Provided data:
::::::
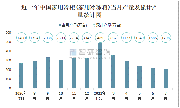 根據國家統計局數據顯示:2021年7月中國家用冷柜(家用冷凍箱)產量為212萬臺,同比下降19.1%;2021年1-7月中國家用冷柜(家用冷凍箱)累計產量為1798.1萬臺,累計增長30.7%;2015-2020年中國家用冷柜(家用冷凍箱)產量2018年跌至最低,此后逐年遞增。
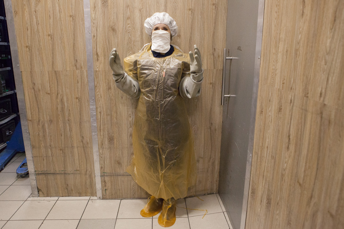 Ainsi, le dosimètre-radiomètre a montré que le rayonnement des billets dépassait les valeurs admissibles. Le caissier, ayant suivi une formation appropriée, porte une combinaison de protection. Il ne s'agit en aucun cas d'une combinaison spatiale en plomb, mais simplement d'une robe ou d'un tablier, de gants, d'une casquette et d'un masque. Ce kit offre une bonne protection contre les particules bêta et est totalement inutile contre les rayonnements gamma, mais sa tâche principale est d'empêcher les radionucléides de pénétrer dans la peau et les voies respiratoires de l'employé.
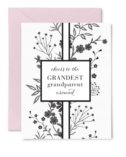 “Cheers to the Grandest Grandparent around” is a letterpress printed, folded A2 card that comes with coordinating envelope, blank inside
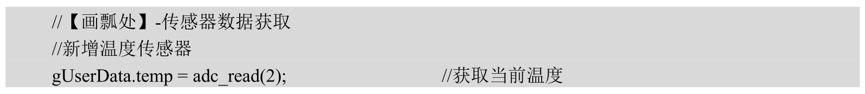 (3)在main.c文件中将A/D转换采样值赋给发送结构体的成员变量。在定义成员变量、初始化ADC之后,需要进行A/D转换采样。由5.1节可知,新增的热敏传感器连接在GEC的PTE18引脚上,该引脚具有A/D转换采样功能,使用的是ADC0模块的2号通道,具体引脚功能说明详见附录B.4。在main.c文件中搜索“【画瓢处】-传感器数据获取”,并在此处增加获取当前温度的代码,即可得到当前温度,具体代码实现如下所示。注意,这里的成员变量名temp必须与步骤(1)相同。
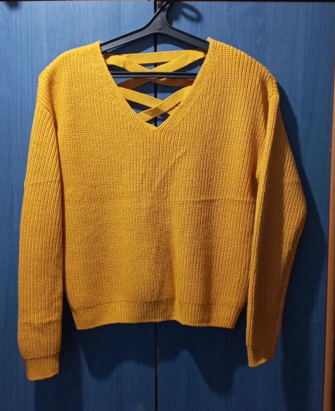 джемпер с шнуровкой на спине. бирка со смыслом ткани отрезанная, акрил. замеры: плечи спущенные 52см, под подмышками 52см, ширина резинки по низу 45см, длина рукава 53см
::::::
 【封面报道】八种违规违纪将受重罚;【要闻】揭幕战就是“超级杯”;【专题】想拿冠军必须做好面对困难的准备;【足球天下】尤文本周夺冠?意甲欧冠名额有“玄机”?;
::::::
Description of the task: Among the lines above, the one with "Ainsi, le dosimètre-radiomètre" opens the part to repeat and the one with "(3)在main.c文件中将" closes it; repeat only that part exactly, with no pictures.

Solved exercise:
 Ainsi, le dosimètre-radiomètre a montré que le rayonnement des billets dépassait les valeurs admissibles. Le caissier, ayant suivi une formation appropriée, porte une combinaison de protection. Il ne s'agit en aucun cas d'une combinaison spatiale en plomb, mais simplement d'une robe ou d'un tablier, de gants, d'une casquette et d'un masque. Ce kit offre une bonne protection contre les particules bêta et est totalement inutile contre les rayonnements gamma, mais sa tâche principale est d'empêcher les radionucléides de pénétrer dans la peau et les voies respiratoires de l'employé.
 “Cheers to the Grandest Grandparent around” is a letterpress printed, folded A2 card that comes with coordinating envelope, blank inside
 (3)在main.c文件中将A/D转换采样值赋给发送结构体的成员变量。在定义成员变量、初始化ADC之后,需要进行A/D转换采样。由5.1节可知,新增的热敏传感器连接在GEC的PTE18引脚上,该引脚具有A/D转换采样功能,使用的是ADC0模块的2号通道,具体引脚功能说明详见附录B.4。在main.c文件中搜索“【画瓢处】-传感器数据获取”,并在此处增加获取当前温度的代码,即可得到当前温度,具体代码实现如下所示。注意,这里的成员变量名temp必须与步骤(1)相同。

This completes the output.